> **Stored data**:
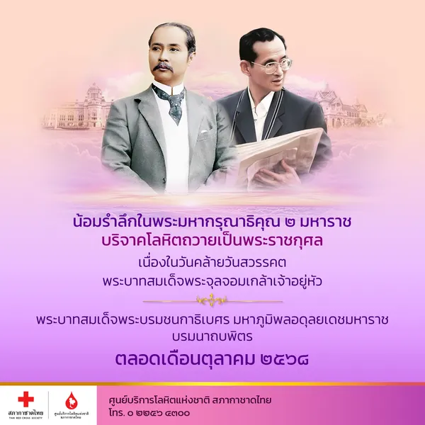 ศูนย์บริการโลหิตแห่งชาติ สภากาชาดไทย เชิญชวนพสกนิกรชาวไทย ร่วมน้อมรำลึกในพระมหากรุณาธิคุณ 2 มหาราช บริจาคโลหิตถวายเป็นพระราชกุศล เนื่องในวันคล้ายวันสวรรคต พระบาทสมเด็จพระจุลจอมเกล้าเจ้าอยู่หัว รัชกาลที่ 5 วันที่ 23 ตุลาคม และพระบาทสมเด็จพระบรมชนกาธิเบศร มหาภูมิพลอดุลยเดชมหาราช บรมนาถบพิตร วันที่ 13 ตุลาคม ตลอดเดือนตุลาคม 2568 ณ ศูนย์บริการโลหิตแห่งชาติ สภากาชาดไทย หน่วยรับบริจาคโลหิตประจำที่ 7 แห่ง (Fixed Station) และภาคบริการโลหิตแห่งชาติ 12 แห่งทั่วประเทศ
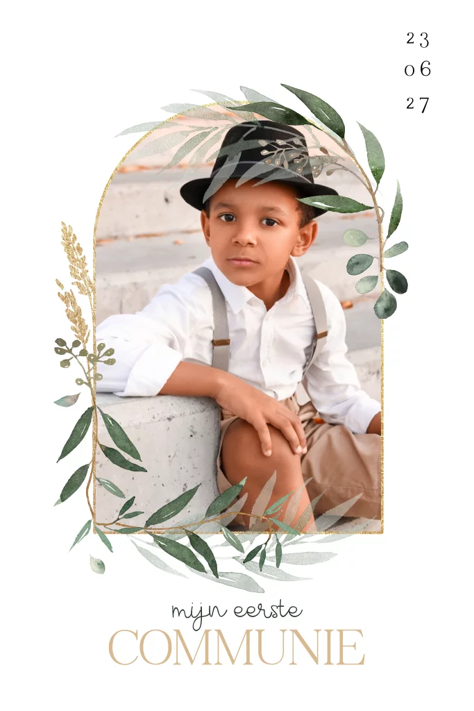 Op zoek naar een uitnodiging voor de Eerste Communie? Kies voor dit stijlvolle kaartje in botanische stijl met ruimte voor een eigen foto.
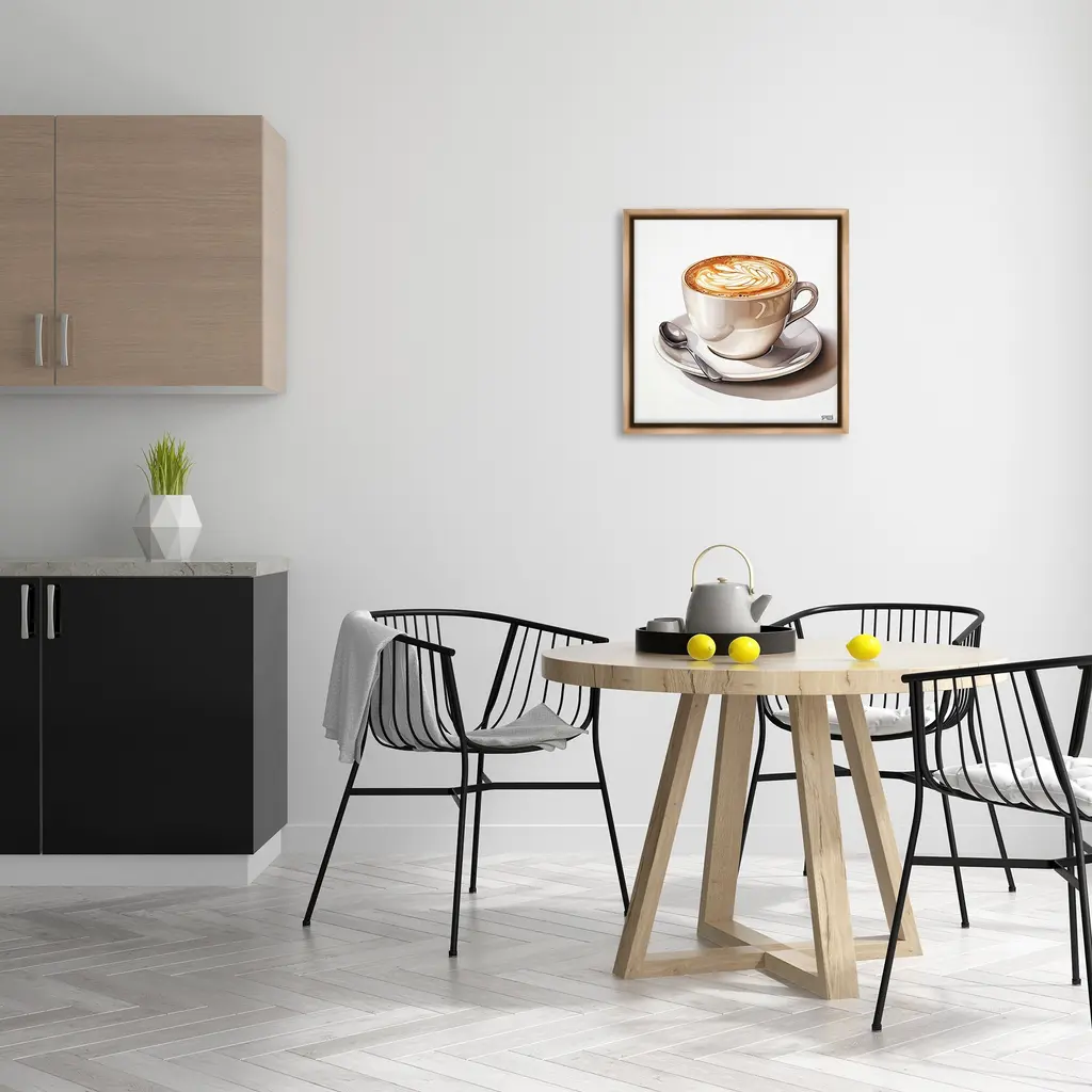 Elevate your home or office to the next level with Stupell Framed Floating Canvas Wall Art. Our premium hand-stretched canvas is mounted securely into a sturdy lightweight frame. The museum-style gap between the wrapped canvas and the box frame gives the illusion of floating artwork. Stupell Wall Art is made in the USA.Features: Dimensions: 18 x 1.7 x 18 Frame, 17 x 1.5 x 17 Canvas ArtFloating Frame Canvas Products are available in sizes 18"x18" and 25"x25". All Floating Frame Canvas Products have a 1.7" Depth.Wall Art is Ready to Hang with Hardware Free Hanging. No Installation required. For Easy Set Up Lean or Layer Artwork on Shelf or Against Wall. Artwork is Permently Fixed into the Frame.Our elevated 1.7" Thick Floating Frame is the perfect complement to our canvas style Wall Art. We use only the highest quality inks in house with industry leading printing solutions. Canvas is hand stretched over a durable wood foundation and then mounted securly into a Modern Box Frame. Made in the USA.Artwork Relates To: Cup, Coffee, Latte, Glass, Straw, Cafe, Espresso, Beverage, Brunch, KitchenDesign by RB

> **Assigned task**: Your copy should hold all the data word for word. It should hold no pictures.

> **Answer section**:
 ศูนย์บริการโลหิตแห่งชาติ สภากาชาดไทย เชิญชวนพสกนิกรชาวไทย ร่วมน้อมรำลึกในพระมหากรุณาธิคุณ 2 มหาราช บริจาคโลหิตถวายเป็นพระราชกุศล เนื่องในวันคล้ายวันสวรรคต พระบาทสมเด็จพระจุลจอมเกล้าเจ้าอยู่หัว รัชกาลที่ 5 วันที่ 23 ตุลาคม และพระบาทสมเด็จพระบรมชนกาธิเบศร มหาภูมิพลอดุลยเดชมหาราช บรมนาถบพิตร วันที่ 13 ตุลาคม ตลอดเดือนตุลาคม 2568 ณ ศูนย์บริการโลหิตแห่งชาติ สภากาชาดไทย หน่วยรับบริจาคโลหิตประจำที่ 7 แห่ง (Fixed Station) และภาคบริการโลหิตแห่งชาติ 12 แห่งทั่วประเทศ
 Op zoek naar een uitnodiging voor de Eerste Communie? Kies voor dit stijlvolle kaartje in botanische stijl met ruimte voor een eigen foto.
 Elevate your home or office to the next level with Stupell Framed Floating Canvas Wall Art. Our premium hand-stretched canvas is mounted securely into a sturdy lightweight frame. The museum-style gap between the wrapped canvas and the box frame gives the illusion of floating artwork. Stupell Wall Art is made in the USA.Features: Dimensions: 18 x 1.7 x 18 Frame, 17 x 1.5 x 17 Canvas ArtFloating Frame Canvas Products are available in sizes 18"x18" and 25"x25". All Floating Frame Canvas Products have a 1.7" Depth.Wall Art is Ready to Hang with Hardware Free Hanging. No Installation required. For Easy Set Up Lean or Layer Artwork on Shelf or Against Wall. Artwork is Permently Fixed into the Frame.Our elevated 1.7" Thick Floating Frame is the perfect complement to our canvas style Wall Art. We use only the highest quality inks in house with industry leading printing solutions. Canvas is hand stretched over a durable wood foundation and then mounted securly into a Modern Box Frame. Made in the USA.Artwork Relates To: Cup, Coffee, Latte, Glass, Straw, Cafe, Espresso, Beverage, Brunch, KitchenDesign by RB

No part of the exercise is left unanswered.